The code goes something like this:
>>>data = pd.DataFrame({'P': ['p1', 'p1', 'p2'],
'Q': ['q1', 'q2', 'q1'],
'R': ['r1', 'r1', 'r2']})
>>>data
P Q R
0 p1 q1 r1
1 p1 q2 r1
2 p2 q1 r2
>>>data.groupby(['R'] + ['P','Q']).size().unstack(['P','Q'])
After reindexing and fillna(0) it gives the following result:
P p1 p2
Q q1 q2 q1 q2
R
r1 1 1 0 0
r2 0 0 1 0
I wanted to do the same with recarray so I imported itertools and tried the following:
>>>data = np.array([('p1', 'p1', 'p2'), ('q1', 'q2', 'q1'), ('r1', 'r1', 'r2')],
dtype=[('P',object),('Q',object),('R',object)]).view(np.recarray)
>>>groupby(data,key = (['R']+['P','Q'])).size().unstack(['P','Q'])
It doesn't work. How do I achieve a similar result without using pandas?
Let's back away from the fancy recarray and object type. It doesn't buy us anything.
The data can be a simple 2d array of strings:
In [711]: data = np.array([('p1', 'p1', 'p2'), ('q1', 'q2', 'q1'), ('r1', 'r1', 'r2')])
In [712]: data
Out[712]:
array([['p1', 'p1', 'p2'],
['q1', 'q2', 'q1'],
['r1', 'r1', 'r2']],
dtype='<U2')
Better yet, make it a list of lists:
In [713]: data.tolist()
Out[713]: [['p1', 'p1', 'p2'], ['q1', 'q2', 'q1'], ['r1', 'r1', 'r2']]
intertools.group
is designed to work with lists. It can operate on arrays simply because it can iterate on them.
Explain how you want to group these strings.
The pandas group by expression is not self explanatory.
If I simply flatten the data
array, I can group sequential values and count them:
In [726]: data.ravel()
Out[726]:
array(['p1', 'p1', 'p2', 'q1', 'q2', 'q1', 'r1', 'r1', 'r2'],
dtype='<U2')
In [727]: g=itertools.groupby(data.ravel())
In [728]: [(k,list(v)) for k,v in g]
Out[728]:
[('p1', ['p1', 'p1']),
('p2', ['p2']),
('q1', ['q1']),
('q2', ['q2']),
('q1', ['q1']),
('r1', ['r1', 'r1']),
('r2', ['r2'])]
In [729]: g=itertools.groupby(data.ravel())
In [730]: [(k,len(list(v))) for k,v in g]

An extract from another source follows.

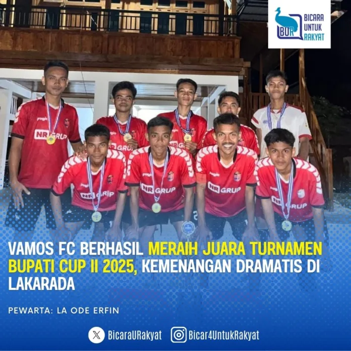 Buton Selatan — Vamos FC asal Kelurahan Majapahit memastikan gelar juara Turnamen Futsal Bupati Cup II Tahun 2025 setelah menundukkan Laompo FC dengan skor tipis 2–1 pada laga final yang berlangsung di Lapangan Lakarada, Kelurahan Lakambau, Kecamatan Batauga, Senin (15/12/2025).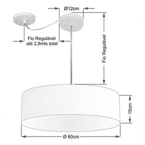 Pendente Com Desvio de Centro Indicado para decoração área interna, como mesas, sala de estar, sala de jantar, suite, quartos, corredor, hall, mezanino, escadas, churrasqueira, lareira, área de circulação, lojas, comércios, restaurante, varanda, balcão.DimensãoCúpula em Tecido: 60x15cm

Out[730]: [('p1', 2), ('p2', 1), ('q1', 1), ('q2', 1), ('q1', 1), ('r1', 2), ('r2', 1)]
=============
Extending my answer to work row-wise
In [738]: grps = [itertools.groupby(row) for row in data]
In [739]: [[(k, len(list(v))) for k,v in r] for r in grps]
[[('p1', 2), ('p2', 1)],
[('q1', 1), ('q2', 1), ('q1', 1)],
[('r1', 2), ('r2', 1)]]
This works for the object recarray version of data
as well.
Oops - I misunderstood your 'row-wise' description. Even rereading your last comment I don't understand what you want. It doesn't sound like a itertools.groupby
problem at all. I thought you were counting strings like 'r1' and 'q2'. Apparently that's not the case.
====================
OK, a more focused attempt to recreate the pandas table
Use itertools.product
to generate 8 combinations of these 6 strings:
In [847]: pos = list(product(['r1','r2'],['p1','p2'],['q1','q2']))
In [848]: pos
Out[848]:
[('r1', 'p1', 'q1'),
('r1', 'p1', 'q2'),
('r1', 'p2', 'q1'),
('r1', 'p2', 'q2'),
('r2', 'p1', 'q1'),
('r2', 'p1', 'q2'),
('r2', 'p2', 'q1'),
('r2', 'p2', 'q2')]
convert the dataframe to a list of lists:
In [849]: val=data.values[:,[2,0,1]].tolist()
In [850]: val
Out[850]: [['r1', 'p1', 'q1'], ['r1', 'p1', 'q2'], ['r2', 'p2', 'q1']]
find which of the possible combinations are found in vals
:
In [852]: [[i, list(i) in val] for i in pos]
Out[852]:
[[('r1', 'p1', 'q1'), True],
[('r1', 'p1', 'q2'), True],
[('r1', 'p2', 'q1'), False],
[('r1', 'p2', 'q2'), False],
[('r2', 'p1', 'q1'), False],
[('r2', 'p1', 'q2'), False],
[('r2', 'p2', 'q1'), True],
[('r2', 'p2', 'q2'), False]]
Rework the 'counts' as a 2x8 0/1 array:
In [853]: np.array([[list(i) in val] for i in pos]).reshape(2,-1).astype(int)
Out[853]:
array([[1, 1, 0, 0],
[0, 0, 1, 0]])